Por Cardenal Baltazar Porras Cardozo
***Cada uno de nosotros debe examinar y discernir la tragedia que viven quienes emigran, porque es inhumano y criminal permanecer ajeno al problema.
El éxodo de venezolanos hacia el exterior se ha convertido en el mayor de toda la historia de América Latina en un país en el que la emigración era un fenómeno reducido a pocas personas. Ni siquiera los hijos o descendientes de inmigrantes o descendientes de inmigrantes volvían de forma permanente a la tierra de sus mayores. Las causas las sabemos. Venezuela es víctima de un régimen que actúa en función de una ideología inhumana y no en el proporcionar a todos los ciudadanos sin distinción, la libertad, el orden y el progreso al que tienen derecho.
La experiencia interna de los venezolanos fue ser receptores cordiales de los millones de inmigrantes, sobre todo europeos y más tarde latinoamericanos que llegaron e hicieron tienda entre nosotros. Más allá de los posibles y reales rechazos o explotación de quienes vinieron a buscar fortuna entre nosotros, los que se dedicaron con tesón y coraje a un trabajo creador, se hicieron parte nuestra y enriquecieron nuestra idiosincrasia y cultura.

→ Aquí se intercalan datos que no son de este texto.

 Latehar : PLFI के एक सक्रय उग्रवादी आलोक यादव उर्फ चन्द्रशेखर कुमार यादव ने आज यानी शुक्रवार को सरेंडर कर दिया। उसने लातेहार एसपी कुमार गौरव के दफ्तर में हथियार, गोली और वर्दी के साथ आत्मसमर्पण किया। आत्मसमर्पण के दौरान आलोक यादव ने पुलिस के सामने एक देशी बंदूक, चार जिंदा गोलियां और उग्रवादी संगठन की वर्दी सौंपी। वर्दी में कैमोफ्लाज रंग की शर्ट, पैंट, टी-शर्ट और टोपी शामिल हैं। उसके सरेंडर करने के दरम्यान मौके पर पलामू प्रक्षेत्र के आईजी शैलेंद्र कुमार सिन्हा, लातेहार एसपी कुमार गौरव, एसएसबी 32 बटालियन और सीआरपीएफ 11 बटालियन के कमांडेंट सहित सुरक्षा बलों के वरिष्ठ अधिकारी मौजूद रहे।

Hoy la realidad es otra. Los venezolanos que emigran no encuentran en las embajadas y consulados una instancia que los acoja y ayude. Al contrario, son muchas las denuncias negativas para lo más elemental, como por ejemplo, la obtención o renovación de documentos. Hoy, también, a pesar de la acogida y apertura de no pocos gobiernos y de la actitud samaritana de instancias eclesiales como Caritas y la iniciativa del Papa de “puentes de solidaridad”, asistimos también a un rechazo de los venezolanos en diversos lugares, calificado como xenofobia.

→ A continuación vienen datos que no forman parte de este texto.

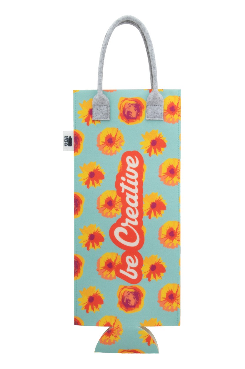 Pungă cadou pentru sticlă de vin, produsă la comandă, din fetru RPET, cu grafică imprimată color. Cu etichetă distinctivă RPET. Pretul include imprimarea prin sublimare. MOQ: 25 buc.

Lo que Adela Cortina califica con un neologismo como “aporofobia”, nos lleva a las raíces del rechazo al extranjero. No es por ser tal, sino por ser “pobre”. El turismo, por ejemplo, no rechaza a nadie por el color, la raza o la religión, porque el turista mueve la economía. Pero el extranjero que busca otro horizonte sin llevar nada más que su cuerpo, es rechazado venga de donde venga porque es pobre, sin recursos, y se convierte en un problema para la sociedad receptora. Sobran los ejemplos: los africanos y asiáticos que llegan en pateras o en barcas inseguras en aguas del Mediterráneo. Los latinoamericanos que emigran hacia el norte… y ahora, los venezolanos que por millares cruzan a diario las fronteras buscando un mundo mejor, desnudos de recursos y huérfanos de afectos.
Cada uno de nosotros debe ver, examinar y discernir esta realidad. Es inhumano y criminal que quienes lo promueven permanezcan impávidos y ajenos al problema. Como creyentes, el testimonio, ejemplo y magisterio del Papa Francisco, nos señala una senda. Son muchas las experiencias que tienen como protagonistas a la Iglesia católica, a otras iglesias hermanas y a no pocas personas e instituciones que brindan acogida a tantos hermanos nuestros. Con serenidad, coraje y creatividad, debemos recorrer nuevos senderos para que la primera prioridad de todos sea la calidad de vida de todos sin distinción.